In his book of Chicago stories South of Cermak, Paul Teodo writes about a Polish family on Christmas Eve. Their basement flooded, and Uncle Stan dried it out, filling dozens of holes in the wall with putty, gunpowder and rebar. Invited by his sister he returned for the party on Christmas Eve (Wigila), dressed in clean work clothes, shy, nothing to fix, nothing to do but … well, as it turned out, fall in love.
Stan won’t live long perhaps; he has lung cancer. He has trouble getting his breath. But he can’t stop looking at Alicja, a small woman wearing a red babushka, and she can’t stop looking at him. In the dry basement Big Joe’s Happy Polka music empties the kitchen upstairs and every woman grabs a man. A young girl not quite four feet tall stands alone at the bottom of the stairs. Stan spoke to her.
“You want dance?” She backed away as from a bear about to attack. Stan extended his calloused hand.  “Do you know how to dance?” she asked timidly.
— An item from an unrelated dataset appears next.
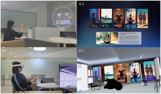 Natural User Interfaces (NUIs) have been designed to enhance user interactions by utilizing instinctive human actions like hand gestures, eye gaze, and voice commands, aiming to make the perception of the user experience smoother and more intuitive [13]. A NUI focuses on reducing the learning curve by aligning interactive behaviors with the user’s physical and cognitive habits—for example, employing mid-air gestures to browse or manipulate digital contents [14]. Research on tactile and gesture-based systems has shown that physically interacting with digital elements improves users’ spatial recall and lessens their cognitive strain, as users feel that the interaction is like a natural extension of their body movements [15,16]. Similarly, a NUI promotes interacting with digital contents through intuitive actions—for instance, swiping or waving a hand to dismiss contents rather than clicking a delete button [17]. This method reflects the concept of hands-on interaction, enabling users to feel as if they are physically engaging with and handling digital components [18]. Additionally, NUI-based systems typically respond to environmental cues, offering context-aware suggestions and adjusting in real time to users’ interaction patterns [19].

“No! Never do.” Stan bowed. “We learn together.”
The two hopped around like broken kangaroos.
“I think one-two, one-two,” she said.
The young girl’s mother appeared, the woman who had captured Stan’s attention with her shy, quiet, beautiful way.
“Momma, I learned to dance the Polka!” She turned and pointed to Stan.
Stan’s sister found another album.
“Stravinsky,” she said. “Music so beautiful. Is waltz.” She placed Stan’s hand in Alicja’s. “One-two-three. One-two-three. You do, nice, slow. Flow to music, like water in stream.”
Stan, struggling to breathe after the polka, breathes in as deep as he can.
What does Henri Nouwen say about God’s love?
You must believe in the yes that comes back when you ask, “Do you love me?” You must choose this yes even though you do not experience it.
On Christmas Eve, as Stan dances with Alicja, she tells him her husband was killed by Russians. A Polish resistance fighter. Stan remembers his own life in Warsaw.
“Men did what they needed to do.”
“Sorry for you, for daughter.” She nuzzled closer. “Shh …” she whispered. “one-two-three, one-two-three. Just dance.”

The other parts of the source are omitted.